What the task asks
In the entries below, begin at the line that has "Scanneren drives af", stop after the line that has "케이아이엔엑스는 특별관계자 MiriCapitalManagementLLC의", and output those lines exactly with no pictures.

Raw data
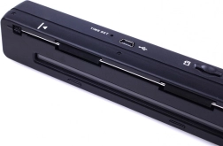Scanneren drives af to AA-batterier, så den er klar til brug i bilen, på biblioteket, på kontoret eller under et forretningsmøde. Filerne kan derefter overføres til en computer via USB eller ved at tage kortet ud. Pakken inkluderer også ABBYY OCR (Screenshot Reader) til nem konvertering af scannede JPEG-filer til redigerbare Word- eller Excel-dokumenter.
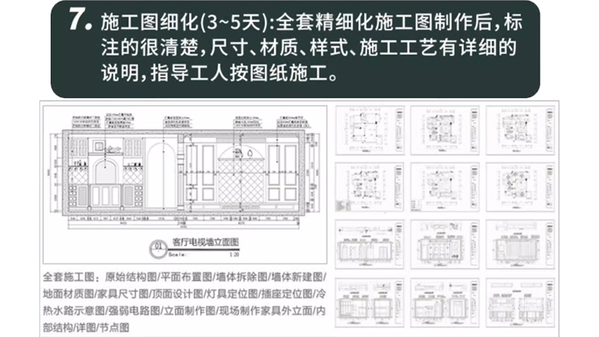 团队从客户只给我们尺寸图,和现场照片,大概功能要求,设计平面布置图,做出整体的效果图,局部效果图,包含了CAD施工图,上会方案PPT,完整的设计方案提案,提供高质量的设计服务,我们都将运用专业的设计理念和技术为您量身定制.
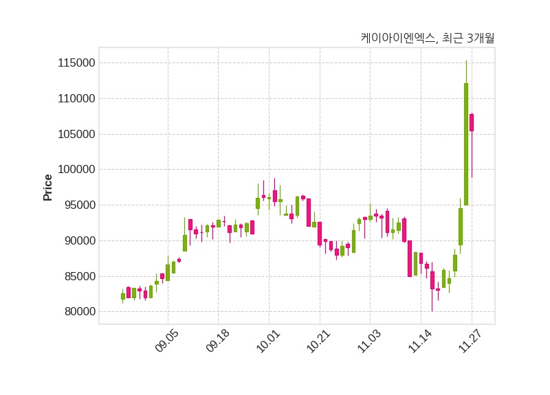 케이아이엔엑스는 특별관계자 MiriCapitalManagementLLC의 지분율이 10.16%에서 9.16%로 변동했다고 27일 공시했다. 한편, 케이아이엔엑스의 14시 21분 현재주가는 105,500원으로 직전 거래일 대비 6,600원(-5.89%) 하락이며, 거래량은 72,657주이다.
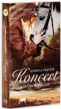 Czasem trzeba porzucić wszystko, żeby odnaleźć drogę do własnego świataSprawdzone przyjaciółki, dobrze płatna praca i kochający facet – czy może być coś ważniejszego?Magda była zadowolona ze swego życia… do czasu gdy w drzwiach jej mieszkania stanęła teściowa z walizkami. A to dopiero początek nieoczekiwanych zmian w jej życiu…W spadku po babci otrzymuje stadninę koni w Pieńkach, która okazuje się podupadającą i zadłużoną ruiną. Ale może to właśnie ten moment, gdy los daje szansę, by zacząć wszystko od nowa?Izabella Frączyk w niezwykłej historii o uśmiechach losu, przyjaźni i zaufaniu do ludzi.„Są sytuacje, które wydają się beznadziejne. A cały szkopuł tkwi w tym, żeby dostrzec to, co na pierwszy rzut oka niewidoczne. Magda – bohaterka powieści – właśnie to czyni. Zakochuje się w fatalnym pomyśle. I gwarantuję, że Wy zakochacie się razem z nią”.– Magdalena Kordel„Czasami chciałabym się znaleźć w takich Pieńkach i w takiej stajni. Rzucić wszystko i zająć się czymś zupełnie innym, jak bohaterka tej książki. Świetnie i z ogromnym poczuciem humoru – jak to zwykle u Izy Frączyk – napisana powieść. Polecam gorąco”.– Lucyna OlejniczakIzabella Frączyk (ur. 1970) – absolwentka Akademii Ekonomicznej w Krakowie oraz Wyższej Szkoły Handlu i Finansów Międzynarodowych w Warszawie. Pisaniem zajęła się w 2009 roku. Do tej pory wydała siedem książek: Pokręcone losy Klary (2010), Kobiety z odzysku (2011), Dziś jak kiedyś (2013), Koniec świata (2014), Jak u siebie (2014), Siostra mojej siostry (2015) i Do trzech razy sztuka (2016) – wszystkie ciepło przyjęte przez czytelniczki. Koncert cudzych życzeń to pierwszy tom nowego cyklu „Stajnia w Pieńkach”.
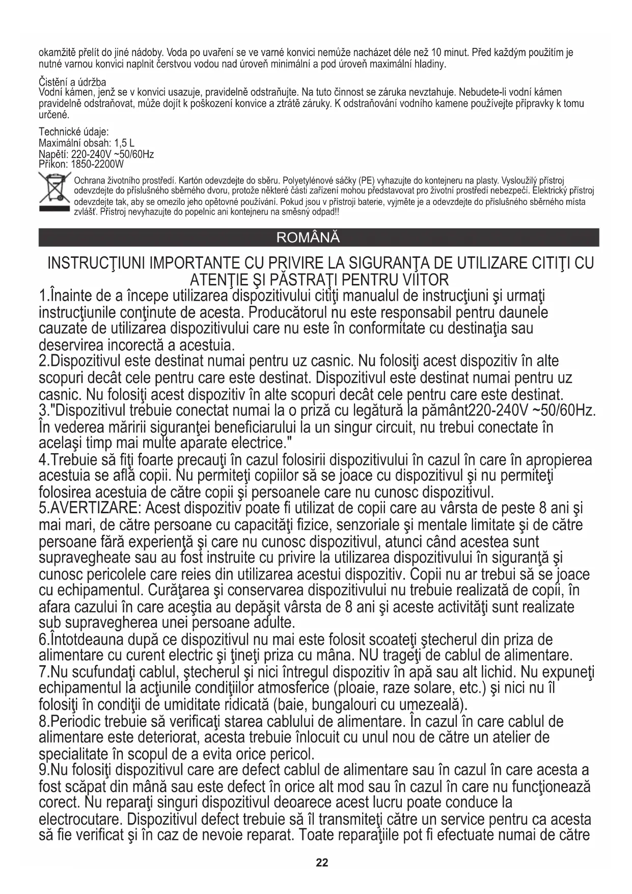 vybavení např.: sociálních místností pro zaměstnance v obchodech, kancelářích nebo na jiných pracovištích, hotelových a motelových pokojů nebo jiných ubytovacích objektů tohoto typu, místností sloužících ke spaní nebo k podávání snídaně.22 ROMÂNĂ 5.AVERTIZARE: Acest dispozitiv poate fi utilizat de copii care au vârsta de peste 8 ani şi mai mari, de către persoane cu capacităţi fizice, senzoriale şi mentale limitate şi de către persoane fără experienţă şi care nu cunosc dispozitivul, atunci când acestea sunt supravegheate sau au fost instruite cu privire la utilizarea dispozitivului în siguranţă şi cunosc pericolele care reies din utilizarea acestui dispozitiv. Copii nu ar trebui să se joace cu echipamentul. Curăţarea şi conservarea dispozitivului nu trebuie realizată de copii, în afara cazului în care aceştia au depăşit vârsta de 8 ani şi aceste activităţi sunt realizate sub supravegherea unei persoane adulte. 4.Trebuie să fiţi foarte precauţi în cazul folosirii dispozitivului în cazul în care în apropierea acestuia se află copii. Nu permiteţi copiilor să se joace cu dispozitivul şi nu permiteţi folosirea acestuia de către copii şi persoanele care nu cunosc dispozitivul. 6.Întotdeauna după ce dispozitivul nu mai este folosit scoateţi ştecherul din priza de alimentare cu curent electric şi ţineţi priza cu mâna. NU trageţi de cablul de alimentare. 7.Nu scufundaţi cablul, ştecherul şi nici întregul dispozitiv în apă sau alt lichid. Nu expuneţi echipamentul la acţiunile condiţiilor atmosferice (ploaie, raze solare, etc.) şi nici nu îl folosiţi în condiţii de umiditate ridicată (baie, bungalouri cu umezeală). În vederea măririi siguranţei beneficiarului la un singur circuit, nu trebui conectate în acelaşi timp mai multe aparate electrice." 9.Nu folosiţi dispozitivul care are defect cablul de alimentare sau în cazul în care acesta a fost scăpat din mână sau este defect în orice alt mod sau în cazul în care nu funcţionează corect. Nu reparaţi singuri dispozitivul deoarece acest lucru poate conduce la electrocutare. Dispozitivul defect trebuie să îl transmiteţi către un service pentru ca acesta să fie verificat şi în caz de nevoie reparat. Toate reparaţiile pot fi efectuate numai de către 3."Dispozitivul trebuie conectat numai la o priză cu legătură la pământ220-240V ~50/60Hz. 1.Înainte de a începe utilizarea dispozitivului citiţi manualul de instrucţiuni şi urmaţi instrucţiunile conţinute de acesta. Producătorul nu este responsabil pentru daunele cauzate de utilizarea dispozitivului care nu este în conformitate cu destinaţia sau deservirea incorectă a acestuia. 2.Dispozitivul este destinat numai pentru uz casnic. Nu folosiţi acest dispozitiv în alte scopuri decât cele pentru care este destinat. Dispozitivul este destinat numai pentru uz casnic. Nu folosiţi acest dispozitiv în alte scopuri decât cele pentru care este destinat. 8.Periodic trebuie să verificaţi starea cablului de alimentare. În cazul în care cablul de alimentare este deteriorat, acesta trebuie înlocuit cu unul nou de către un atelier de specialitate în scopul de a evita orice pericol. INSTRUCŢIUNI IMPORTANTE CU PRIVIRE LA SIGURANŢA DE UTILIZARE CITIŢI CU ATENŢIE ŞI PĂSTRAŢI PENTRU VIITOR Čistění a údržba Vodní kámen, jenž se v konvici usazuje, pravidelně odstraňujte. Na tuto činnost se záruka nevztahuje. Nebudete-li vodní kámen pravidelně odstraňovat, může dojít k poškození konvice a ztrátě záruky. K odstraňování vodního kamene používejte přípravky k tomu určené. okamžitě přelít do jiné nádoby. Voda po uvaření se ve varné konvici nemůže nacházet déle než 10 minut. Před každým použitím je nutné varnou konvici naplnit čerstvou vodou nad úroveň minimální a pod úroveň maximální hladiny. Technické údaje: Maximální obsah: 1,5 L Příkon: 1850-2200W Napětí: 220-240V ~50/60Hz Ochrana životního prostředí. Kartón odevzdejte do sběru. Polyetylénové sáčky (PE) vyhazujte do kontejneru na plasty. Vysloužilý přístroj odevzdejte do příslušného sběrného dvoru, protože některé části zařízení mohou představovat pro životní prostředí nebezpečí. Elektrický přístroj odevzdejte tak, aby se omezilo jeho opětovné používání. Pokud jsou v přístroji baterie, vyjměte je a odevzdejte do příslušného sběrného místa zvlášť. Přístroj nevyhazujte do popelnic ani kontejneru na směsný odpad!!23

* * *

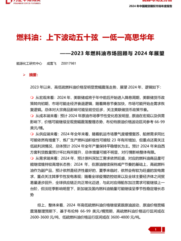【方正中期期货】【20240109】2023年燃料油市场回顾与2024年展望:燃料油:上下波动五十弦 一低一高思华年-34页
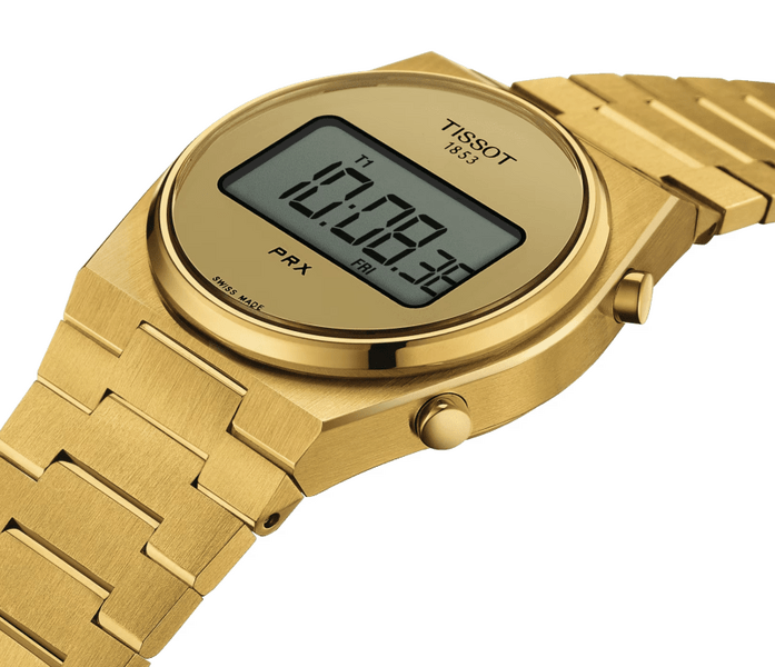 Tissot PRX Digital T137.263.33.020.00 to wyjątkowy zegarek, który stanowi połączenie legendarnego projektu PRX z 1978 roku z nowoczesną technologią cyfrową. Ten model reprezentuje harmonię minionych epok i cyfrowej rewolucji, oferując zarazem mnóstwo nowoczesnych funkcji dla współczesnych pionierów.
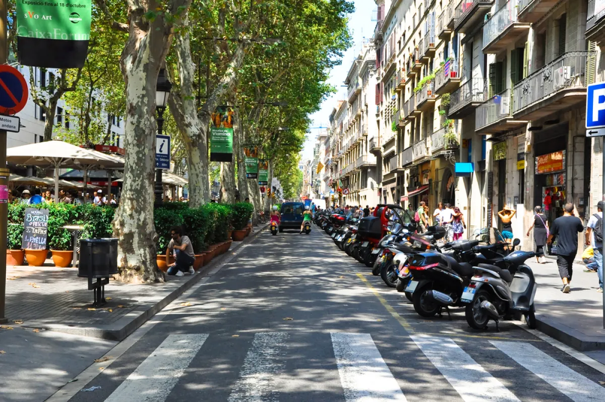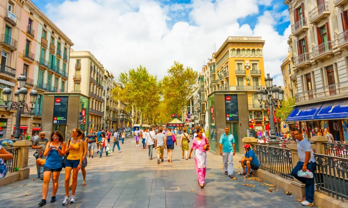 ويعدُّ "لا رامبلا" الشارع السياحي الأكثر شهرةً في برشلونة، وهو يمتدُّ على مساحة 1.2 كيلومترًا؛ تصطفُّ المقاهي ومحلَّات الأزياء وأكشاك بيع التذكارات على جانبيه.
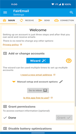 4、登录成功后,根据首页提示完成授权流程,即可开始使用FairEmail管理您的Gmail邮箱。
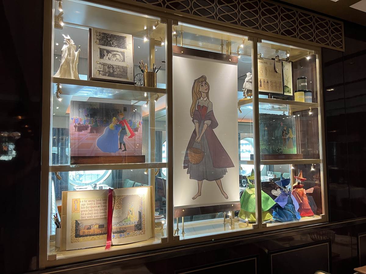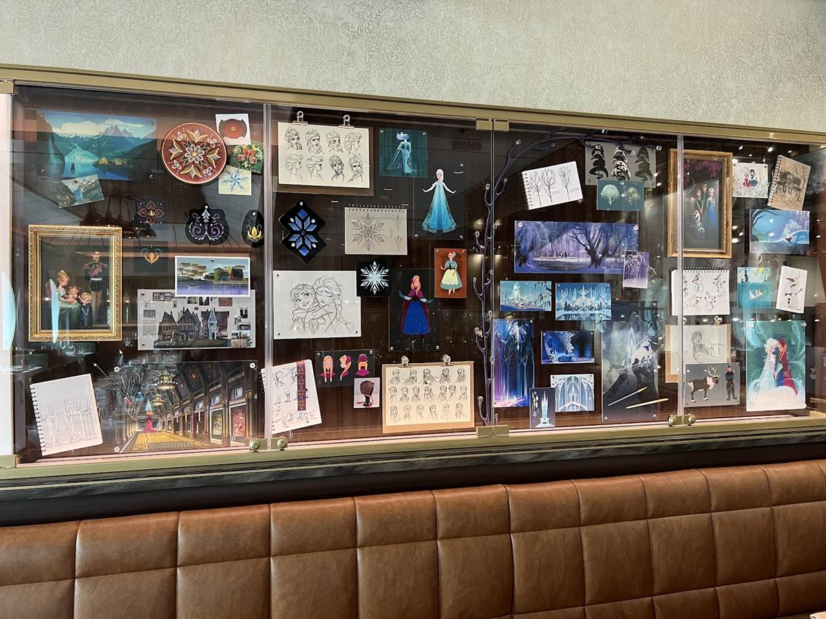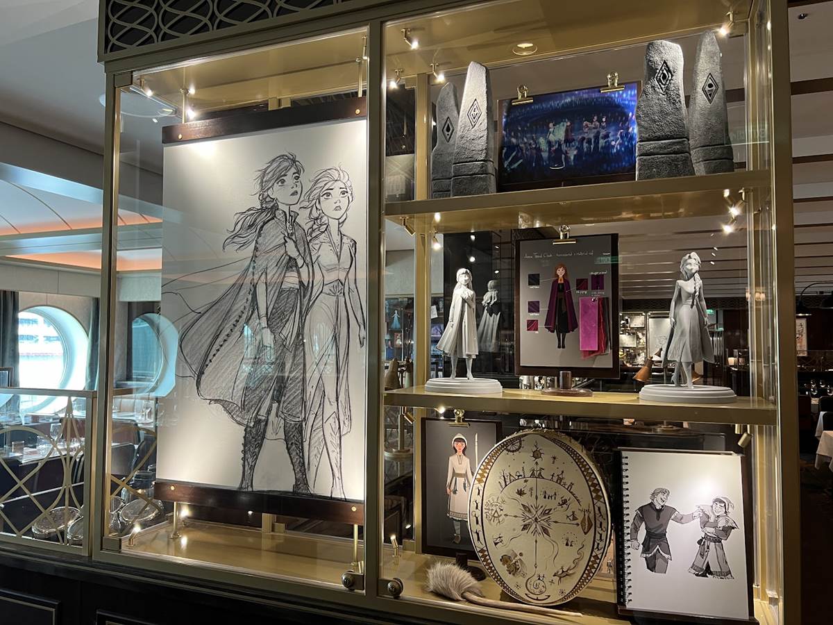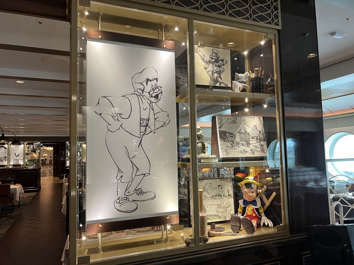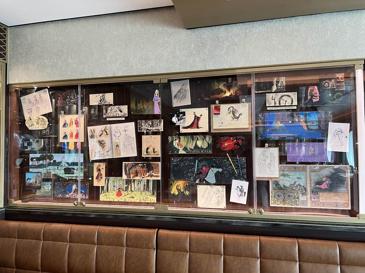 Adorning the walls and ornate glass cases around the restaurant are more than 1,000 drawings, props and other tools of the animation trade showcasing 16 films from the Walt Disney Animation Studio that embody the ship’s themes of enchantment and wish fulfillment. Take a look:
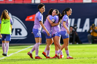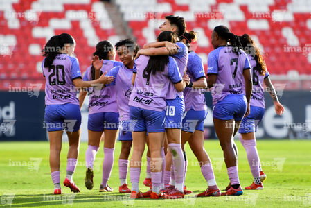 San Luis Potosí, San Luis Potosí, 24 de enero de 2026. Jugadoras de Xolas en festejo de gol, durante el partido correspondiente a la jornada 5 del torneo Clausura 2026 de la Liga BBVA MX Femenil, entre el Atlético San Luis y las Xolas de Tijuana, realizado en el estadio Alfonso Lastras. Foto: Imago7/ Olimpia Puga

---

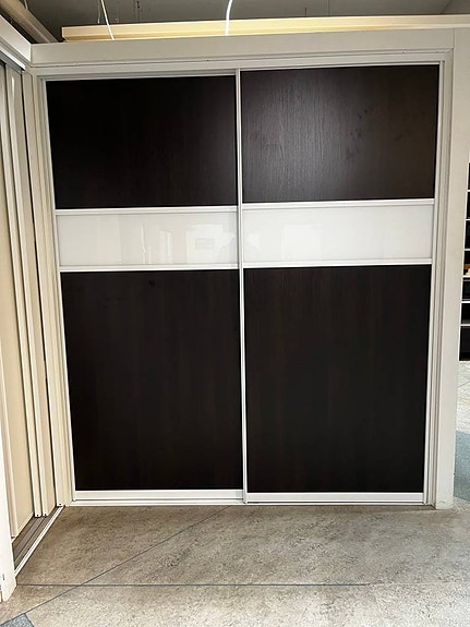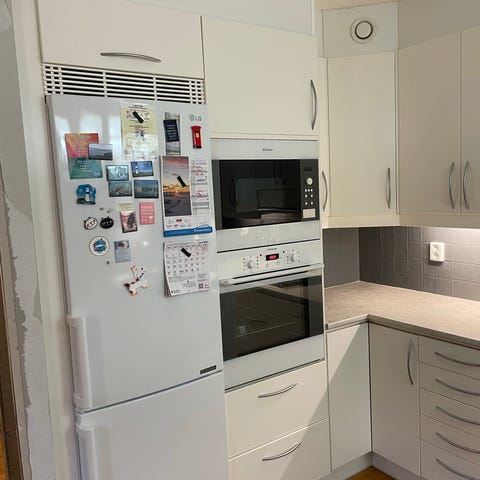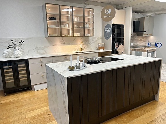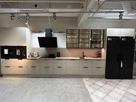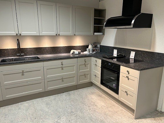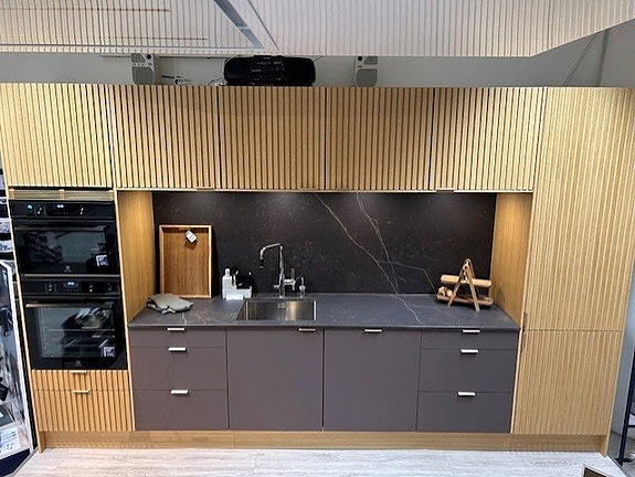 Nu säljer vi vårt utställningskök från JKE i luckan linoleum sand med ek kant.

Exercise answer
Scanneren drives af to AA-batterier, så den er klar til brug i bilen, på biblioteket, på kontoret eller under et forretningsmøde. Filerne kan derefter overføres til en computer via USB eller ved at tage kortet ud. Pakken inkluderer også ABBYY OCR (Screenshot Reader) til nem konvertering af scannede JPEG-filer til redigerbare Word- eller Excel-dokumenter.
 团队从客户只给我们尺寸图,和现场照片,大概功能要求,设计平面布置图,做出整体的效果图,局部效果图,包含了CAD施工图,上会方案PPT,完整的设计方案提案,提供高质量的设计服务,我们都将运用专业的设计理念和技术为您量身定制.
 케이아이엔엑스는 특별관계자 MiriCapitalManagementLLC의 지분율이 10.16%에서 9.16%로 변동했다고 27일 공시했다. 한편, 케이아이엔엑스의 14시 21분 현재주가는 105,500원으로 직전 거래일 대비 6,600원(-5.89%) 하락이며, 거래량은 72,657주이다.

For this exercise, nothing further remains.